Las guerras y los conflictos, junto con sus justificaciones
ideológicas, alimentaban juicios encontrados. Estas representaciones de la
realidad destacaban lo que interesaba, ocultaban lo que no convenía mostrar y
proyectaban hacia el porvenir sueños y frustraciones. El stalinismo estaba
rodeado por una corte de justificadores. Tampoco faltaban apologistas en el
bando opuesto: en 1937, en las páginas de la revista Criterio, monseñor
Gustavo Franceschi manifestaba su convicción de que el movimiento nacional en
España no era un ultraje "del despotismo contra toda libertad, o del sable
contra la dignidad humana". Se equivocaba: las represiones prosiguieron
implacables, con su secuela de cárcel y fusilamientos, durante y luego de
concluida la Guerra Civil Española.
El distanciamiento del historiador no sólo significa depurar de
pasiones el análisis y apartarse para someter a la crítica los dichos propios y
ajenos; también ese tramo es una cantera inmensa de datos ignorados y
revelaciones sorprendentes: ¿qué decir frente a las pruebas recientes, hechas
públicas después de seis décadas, que muestran cómo en la Suecia de 1937 ya
estaba en ejecución una ley votada dos años antes, durante un gobierno
socialdemócrata, que mandaba esterilizar mujeres para proteger la pureza de la
raza nórdica? (se calcula que setenta mil seres humanos sufrieron los efectos de
esa política, la cual, por cierto, también se difundió en otras democracias
europeas).
Cuando se conocen estas bifurcaciones inesperadas de los cursos
establecidos, los cimientos de las creencias tiemblan. Ocurren cosas, en efecto,
que algunos creyentes de variada especie ideológica jamás hubiesen previsto.

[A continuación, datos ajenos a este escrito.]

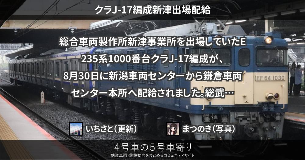 総合車両製作所新津事業所を出場していたE235系1000番台クラJ-17編成が、8月30日に新潟車両センターから鎌倉車両センター本所へ配給されました。

Acaso sea imposible pensar la historia como un relato que contiene dosis
variables de cambios y continuidades sin esos súbitos desvíos del rumbo
esperado. En la historia de las ideas, en la historia de los acontecimientos y
en la historia más secreta, poco perceptible a primera vista, existen siempre
esos lazos entre la continuidad y el cambio. Son dos dimensiones de la vida
condenadas a compartir un mismo campo de experiencias. Por tanto, ese lazo es
indisoluble. Si la historia fuese mera continuidad estaríamos regidos por el
mandato de los muertos; si la historia fuera un puro cambio viviríamos en medio
de la destrucción perpetua del pasado. Muchas veces, sin embargo, el mandato de
los muertos está sepultado por la acción de los poderosos de turno y, en otras
circunstancias, la anulación del pasado no es más que una excusa para fabricar
un presente tan frágil como ilusorio.